FaithfulnessIs the answer grounded in the retrieved context?

How It's Computed

Decompose the answer into atomic claims. For each claim, check if it can be inferred from the provided context. Score = (supported claims) / (total claims).

Range: 0 to 1 (1 = every claim is supported)

What It Catches

Hallucination — the model generating facts not present in any retrieved document.

Diagnostic Signal

Low faithfulness with high context recall = generation problem. The model has the right context but fabricates beyond it.

Answer RelevancyDoes the answer actually address the question?

How It's Computed

Generate N questions from the answer using an LLM. Compute the mean cosine similarity between these generated questions and the original question. Higher similarity = more relevant answer.

Range: 0 to 1 (1 = answer perfectly addresses the question)

What It Catches

Off-topic answers — the model using retrieved context to generate an answer about something adjacent but not what was asked.

Diagnostic Signal

Low relevancy with high faithfulness = the retrieved context was relevant to a different aspect than what the user asked about.

Context PrecisionAre the top-ranked retrieved documents actually relevant?

How It's Computed

For each retrieved document, check if it is relevant to the ground truth answer. Weight by rank position — relevant documents ranked higher contribute more to the score.

Range: 0 to 1 (1 = all relevant docs ranked at the top)

What It Catches

Noisy retrieval — irrelevant documents ranked above relevant ones, wasting context window space.

Diagnostic Signal

Low precision = retrieval is returning too many irrelevant documents. Improve your reranking or relevance thresholds.

Context RecallDid we retrieve all the documents needed to answer correctly?

How It's Computed

Decompose the ground truth answer into claims. For each claim, check if it can be attributed to any retrieved document. Score = (attributed claims) / (total ground truth claims).

Range: 0 to 1 (1 = all needed information was retrieved)

What It Catches

Missing retrieval — relevant documents exist in the index but were not retrieved for this query.

Diagnostic Signal

Low recall with high precision = you are retrieving well but not enough. Increase topK or use query expansion.

Diagnostic Matrix: Where Is the Problem?

Symptom	Metrics	Fix
Hallucinated facts	Low faithfulness, high context recall	Improve generation prompt. Add citation requirements. Use a more capable model.
Off-topic answers	Low relevancy, high faithfulness	Improve query transformation or retrieval strategy.
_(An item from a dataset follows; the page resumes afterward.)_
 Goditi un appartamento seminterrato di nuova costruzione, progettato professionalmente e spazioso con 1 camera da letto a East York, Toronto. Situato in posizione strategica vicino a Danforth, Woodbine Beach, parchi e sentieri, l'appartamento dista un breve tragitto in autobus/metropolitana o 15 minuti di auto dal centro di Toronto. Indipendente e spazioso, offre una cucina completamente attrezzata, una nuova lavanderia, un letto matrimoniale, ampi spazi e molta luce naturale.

The model answers what it has, not what was asked.
Missing information	Low context recall, high precision	Increase topK. Use query expansion or decomposition. Check if documents exist in the index.
Noisy retrieval	Low context precision, high recall	Add reranking. Raise relevance thresholds. Improve chunking quality.
Total failure	Low across all metrics	Fundamental pipeline issue. Check embedding model, chunking strategy, and index freshness.
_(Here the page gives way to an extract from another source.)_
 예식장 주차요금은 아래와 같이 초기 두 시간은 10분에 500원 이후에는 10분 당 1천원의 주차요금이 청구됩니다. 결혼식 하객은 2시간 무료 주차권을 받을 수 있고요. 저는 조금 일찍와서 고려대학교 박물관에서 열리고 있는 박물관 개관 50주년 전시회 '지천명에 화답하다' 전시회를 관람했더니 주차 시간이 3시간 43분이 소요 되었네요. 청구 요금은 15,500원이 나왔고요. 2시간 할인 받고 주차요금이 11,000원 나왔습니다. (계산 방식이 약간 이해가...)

The RAG Evaluation Pipeline

Step 1

Build a Golden Dataset

Create 50-200 question-answer pairs with ground truth answers. Include easy, medium, and hard questions. Cover edge cases and common failure modes.
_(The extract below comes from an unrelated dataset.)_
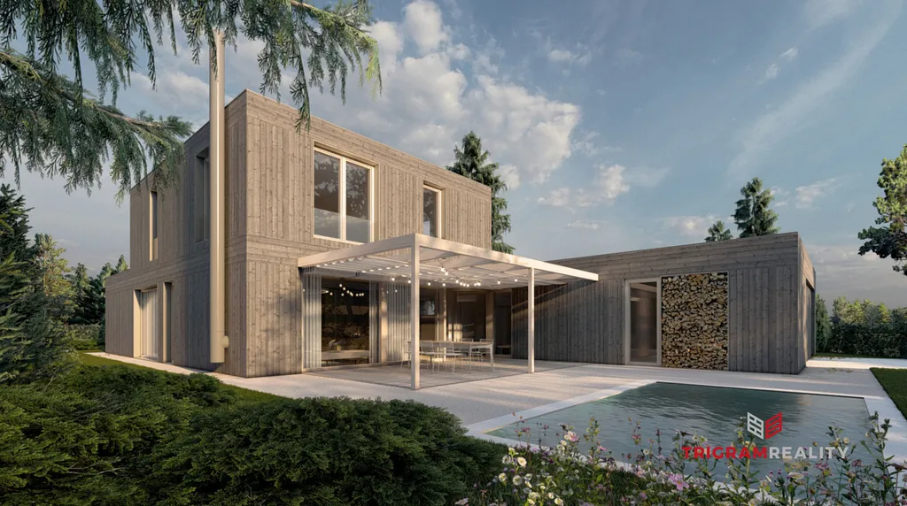• Luxusní vybavení: Dům bude zahrnovat venkovní žaluzie, tepelné čerpadlo pro vytápění a prostornou terasu. Bude také možnost přidání sauny a dalších prvků.

▸Start with real user questions from production logs
▸Have domain experts write ground truth answers
▸Include questions with no answer in the corpus (to test abstention)
▸Version your dataset and grow it over time

Step 2

Run the RAG Pipeline

For each question in the golden dataset, run your full RAG pipeline and capture: the generated answer, retrieved context documents, and any intermediate outputs.

▸Log the full pipeline trace (query, retrieved docs, reranked docs, answer)
▸Capture latency and token usage per step
▸Run in a reproducible environment (same model version, same index)

Step 3

Score with RAGAS Metrics

Compute faithfulness, answer relevancy, context precision, and context recall for each question. Aggregate across the full dataset.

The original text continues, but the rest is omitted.